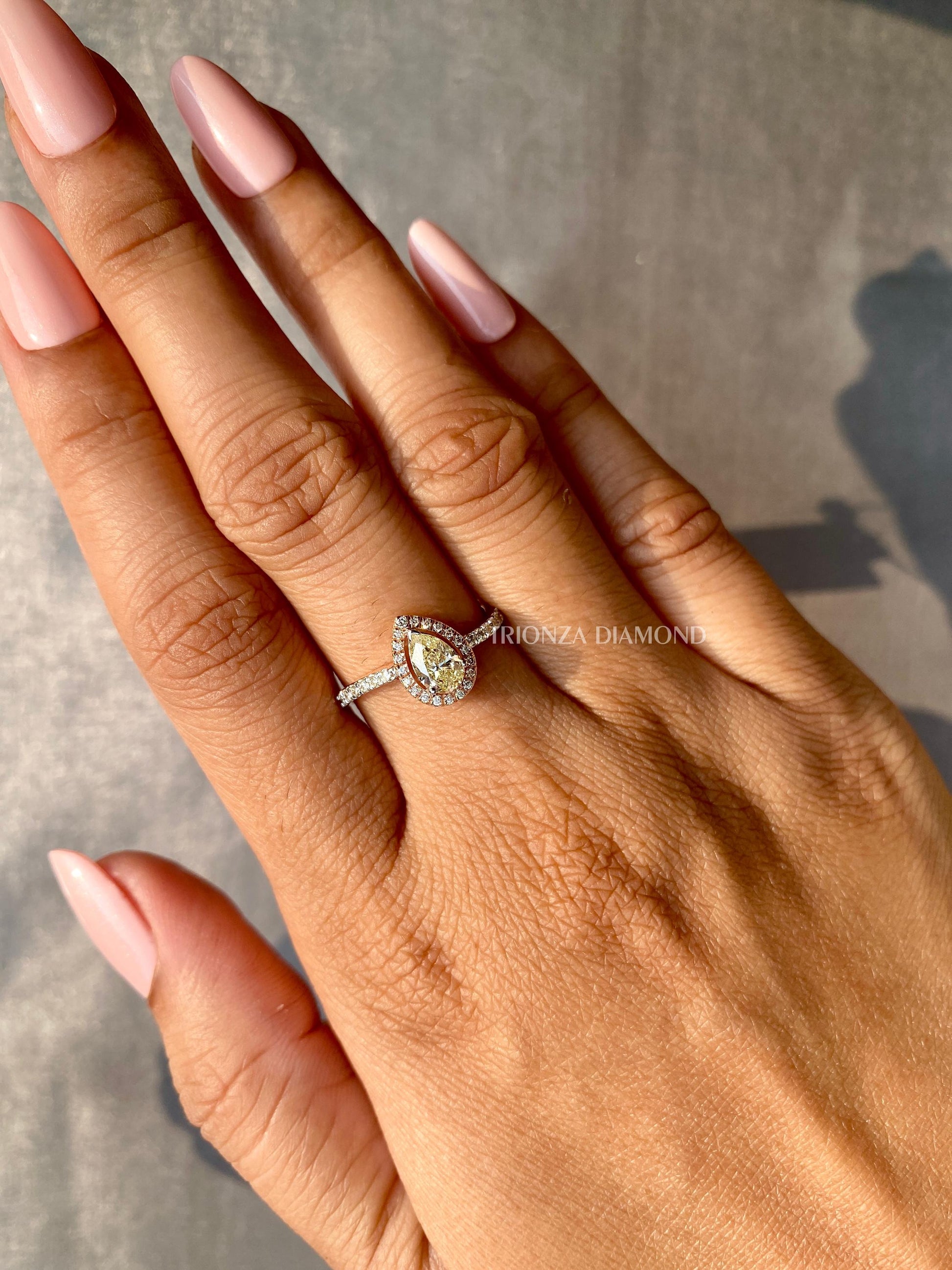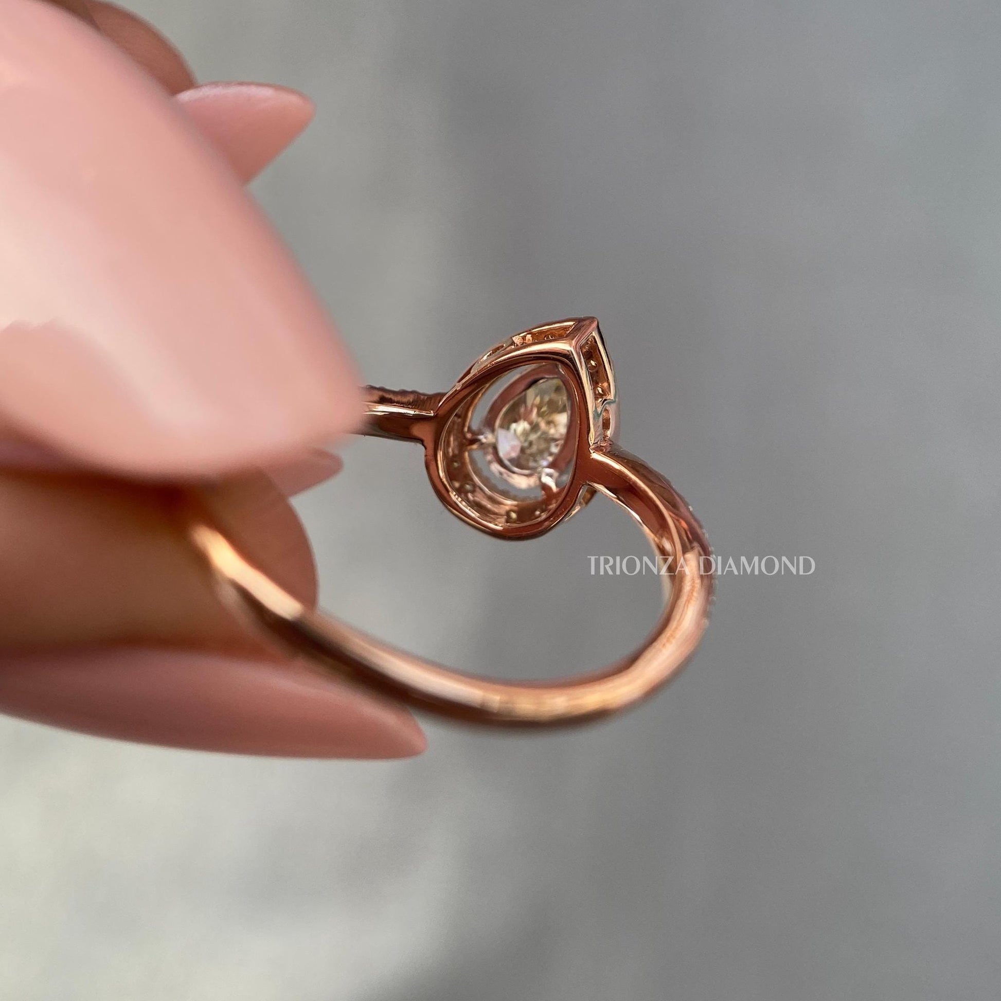 Discover our exquisite Intense Yellow 1.50 CT Pear Cut IGI Certified Lab Created Diamond Ring, featuring a fancy design in 14k Rose Gold. This conflict-free gold wedding ring for her is meticulously crafted with love by TRIONZADIAMOND. Our skilled craftsmen hand-craft, cut, and polish all stones to ensure the highest quality.
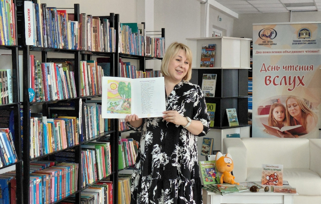 Гостей поприветствовала Эвелина Малеева, заведующий отделом краеведческой и национальной литературы. Она представила писательницу и напомнила, что Неделя детской книги – это время, когда библиотеки открывают свои двери для самых разных мероприятий, в том числе для встреч с детскими авторами.
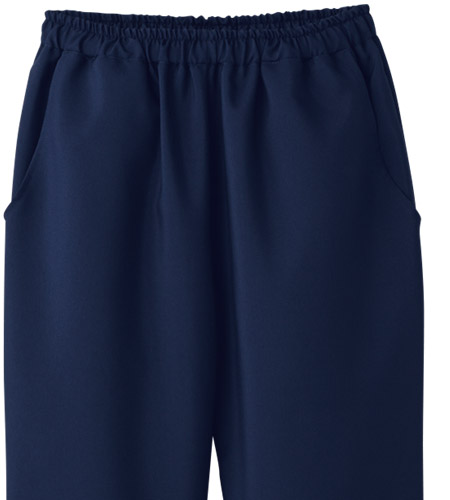 - 総ゴム、両脇ポケット、後ろポケット付き、ウエストひも入り

## [Your assignment]
Only the pictures are to be dropped; all other material above must be repeated exactly.

## [Result]
 Discover our exquisite Intense Yellow 1.50 CT Pear Cut IGI Certified Lab Created Diamond Ring, featuring a fancy design in 14k Rose Gold. This conflict-free gold wedding ring for her is meticulously crafted with love by TRIONZADIAMOND. Our skilled craftsmen hand-craft, cut, and polish all stones to ensure the highest quality.
 Гостей поприветствовала Эвелина Малеева, заведующий отделом краеведческой и национальной литературы. Она представила писательницу и напомнила, что Неделя детской книги – это время, когда библиотеки открывают свои двери для самых разных мероприятий, в том числе для встреч с детскими авторами.
 - 総ゴム、両脇ポケット、後ろポケット付き、ウエストひも入り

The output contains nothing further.